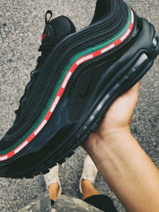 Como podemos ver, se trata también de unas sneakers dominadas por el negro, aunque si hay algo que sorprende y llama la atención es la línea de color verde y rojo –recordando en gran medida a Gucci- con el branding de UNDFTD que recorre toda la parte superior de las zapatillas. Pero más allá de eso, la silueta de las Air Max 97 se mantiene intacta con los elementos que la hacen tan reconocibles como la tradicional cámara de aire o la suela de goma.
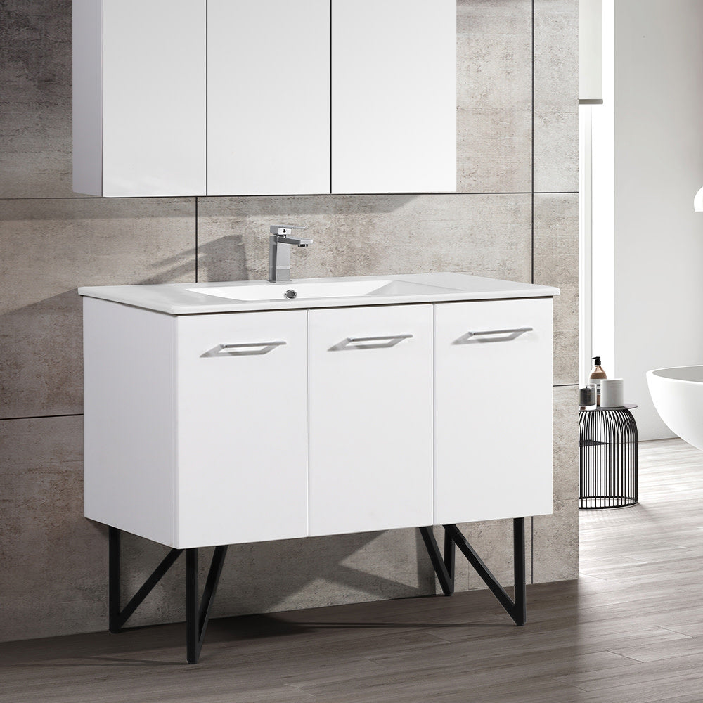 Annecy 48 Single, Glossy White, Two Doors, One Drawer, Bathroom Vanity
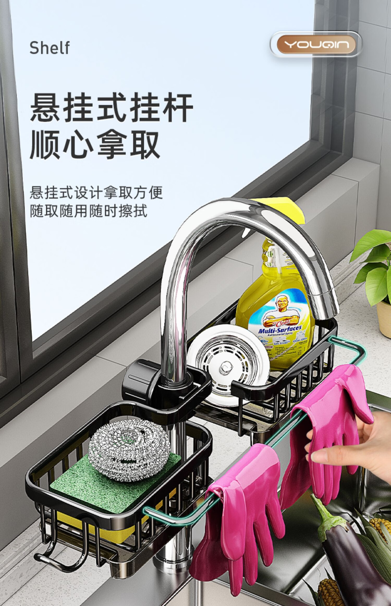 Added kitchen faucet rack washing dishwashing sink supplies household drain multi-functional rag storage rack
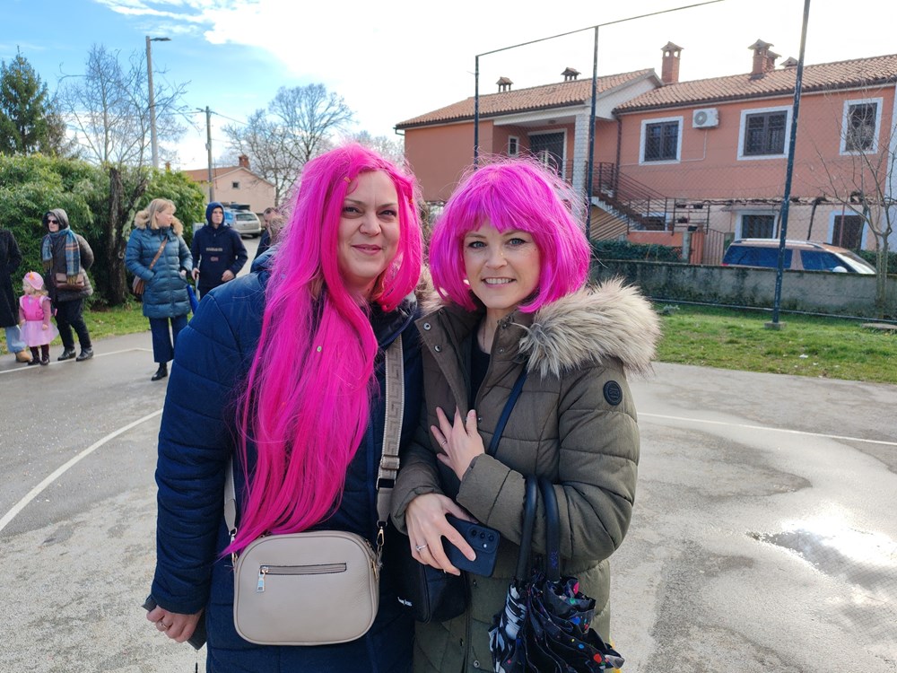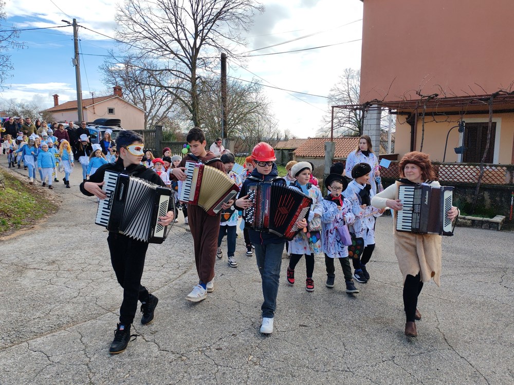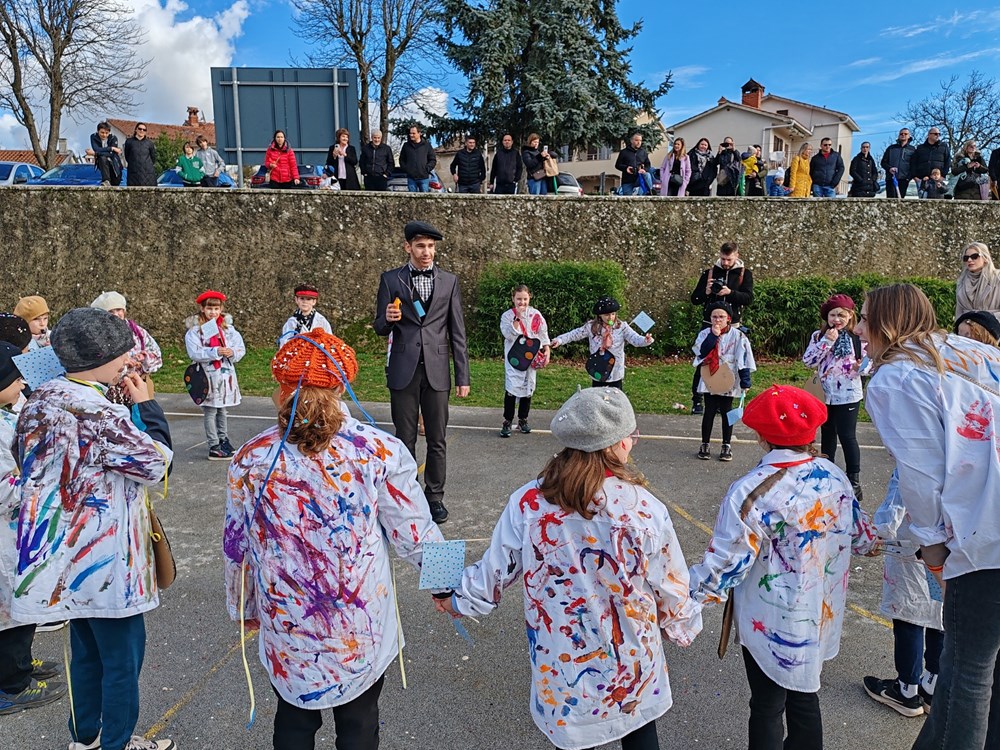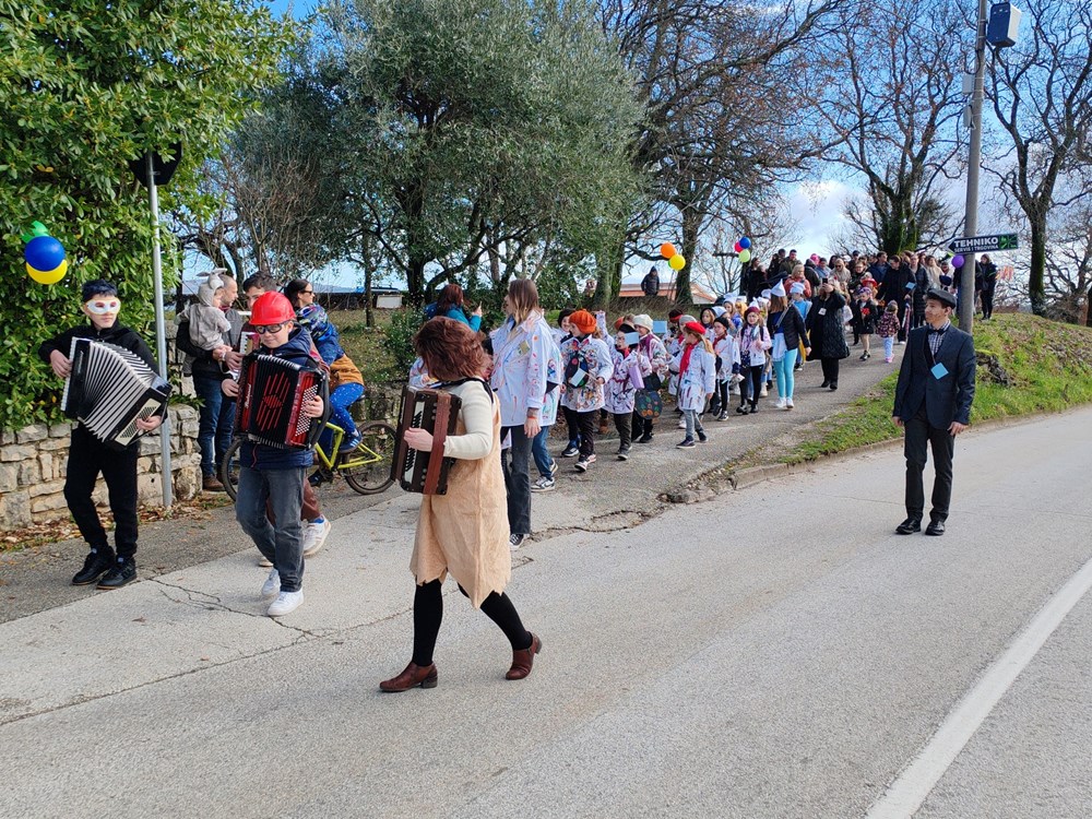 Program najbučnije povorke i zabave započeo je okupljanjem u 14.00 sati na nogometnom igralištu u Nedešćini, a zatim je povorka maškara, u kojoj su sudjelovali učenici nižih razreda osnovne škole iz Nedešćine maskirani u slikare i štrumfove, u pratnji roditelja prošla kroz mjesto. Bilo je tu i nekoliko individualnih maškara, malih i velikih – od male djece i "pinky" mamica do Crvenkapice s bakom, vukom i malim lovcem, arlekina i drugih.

# [Required work]
Reproduce the full listing above verbatim, with no pictures included.

# [Problem solution]
 Como podemos ver, se trata también de unas sneakers dominadas por el negro, aunque si hay algo que sorprende y llama la atención es la línea de color verde y rojo –recordando en gran medida a Gucci- con el branding de UNDFTD que recorre toda la parte superior de las zapatillas. Pero más allá de eso, la silueta de las Air Max 97 se mantiene intacta con los elementos que la hacen tan reconocibles como la tradicional cámara de aire o la suela de goma.
 Annecy 48 Single, Glossy White, Two Doors, One Drawer, Bathroom Vanity
 Added kitchen faucet rack washing dishwashing sink supplies household drain multi-functional rag storage rack
 Program najbučnije povorke i zabave započeo je okupljanjem u 14.00 sati na nogometnom igralištu u Nedešćini, a zatim je povorka maškara, u kojoj su sudjelovali učenici nižih razreda osnovne škole iz Nedešćine maskirani u slikare i štrumfove, u pratnji roditelja prošla kroz mjesto. Bilo je tu i nekoliko individualnih maškara, malih i velikih – od male djece i "pinky" mamica do Crvenkapice s bakom, vukom i malim lovcem, arlekina i drugih.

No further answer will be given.